The third most popular TGU type is sub-dewpoint. There are various technologies and configurations on the market, but they are all consistent in that they use a semi-batch processing method to allow the Claus reaction to proceed further by operating below the dewpoint of elemental sulphur. At least two beds are needed such that one is tied in to the process while the other is regenerated by having the liquid sulphur boiled off. Since this TGU type is purely an extension of the modified Claus reaction, the tail gas sent to the incinerator will look exactly like a Claus tail gas, just with less H2S and SO2.

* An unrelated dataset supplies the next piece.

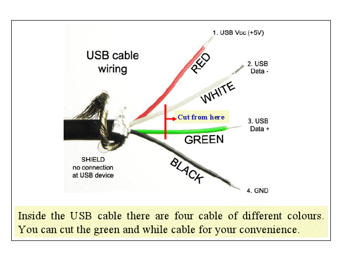 В некоторых USB кабелях может использоваться нестандартная цветовая маркировка проводов. В этом случае определить нужные контакты можно следующими способами: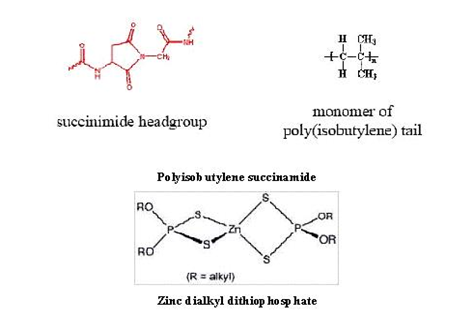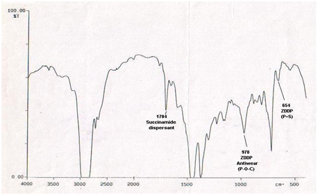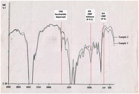 Viscosity of the fluid changes with the temperature, hence engine oils are formulated by Viscosity index improvers to withstand proper lubrication at higher temperatures. After oil is used viscosity of the oil either decreased due to any fuel dilution during the run or increases due to sludge formation by oxidation of the oil. The recycled oils do contain some amount of viscosity index improvers of the past formulation. The (Table 1) shows Kinematics viscosity of counterfeit oil sample is less than that of genuine engine oil sample at 100°C. Kinematic viscosity at 100°C and specific gravity of the genuine engine oil are compared with the results of counterfeit engine oil (Table 1). The interpretation reveals that the values do not match the genuine engine oil; hence the other parameter TBN was performed. The TBN determines the amount of base to neutralize the sulfur by-products namely sulfurous and sulfuric acids, to retard the corrosive damage to engine. The (Table 1) shows TBN value of genuine and counterfeit engine differs primarily; this implies that the counterfeit Castrol 15W40 may be crudely recycled used engine oil. To confirm this belief, both the samples were tested for Infrared Spectroscopy (FTIR). FTIR spectra from the range 4000cm-1 to 400 cm-1 were recorded. The spectra of Genuine Castrol CF4 15W40 is shown in (Figure 1) and that of counterfeit Castrol 15W40 is shown in (Figure 2). Infrared spectra for two major additives, polyisobutylene succinamide and Zinc dialkyl dithiophosphate shown in (Figure 3) were studied. The FTIR spectrum in (Figure 2,3) shows characteristic absorbance at 1704 cm-1 for succinamide dispersant in Genuine Castrol CF4 15W40 engine oil and depleted peak in counterfeit Castrol CF4 15W40 sample at same wave number. Similarly Zinc dialkyl dithiophosphate antiwear additive shows infrared stretching vibration due to P-O-C bond between 950cm-1 and 1020cm-1 and P=S bond between 640cm-1 and 665cm-1 in Genuine engine oil sample and depleted peak in counterfeit oil sample in the respective wave numbers.

Hydrogen (H2 ) and CO are formed in the Claus section reaction furnace due to the combustion of hydrocarbons in the reducing atmosphere. The exact concentration depends on the proportional volume of hydrocarbons in the SRU feed gases. Hotter temperatures encourage more CO formation. The amount of H2 and CO passes through the Claus, direct-oxidation, and sub-dewpoint units unchanged, therefore, the composition of the gas leaving these processes is relatively similar. There is some variation when dealing with direct oxidation TGUs, as variations of this technology, such as the upstream process EUROCLAUS ®, involve a hydrogenation and hydrolysis step that will affect the tail gas H2 , CO, COS, and CS2 concentrations. Amine-based TGU systems depend on having an excess of hydrogen to reach thermodynamic equilibrium in the hydrogenation reactor. Therefore, the hydrogen content of the Claus section tail gas is increased either in the form of a supplemental hydrogen stream (of varying purity), or via a direct-fired reheater operated sub-stoichiometrically to produce additional H2 and CO. The CO participates in the gas-water shift reaction to form additional hydrogen within the reactor vessel. Healthy catalyst leaves some, but relatively little, residual CO in the reactor tail gas.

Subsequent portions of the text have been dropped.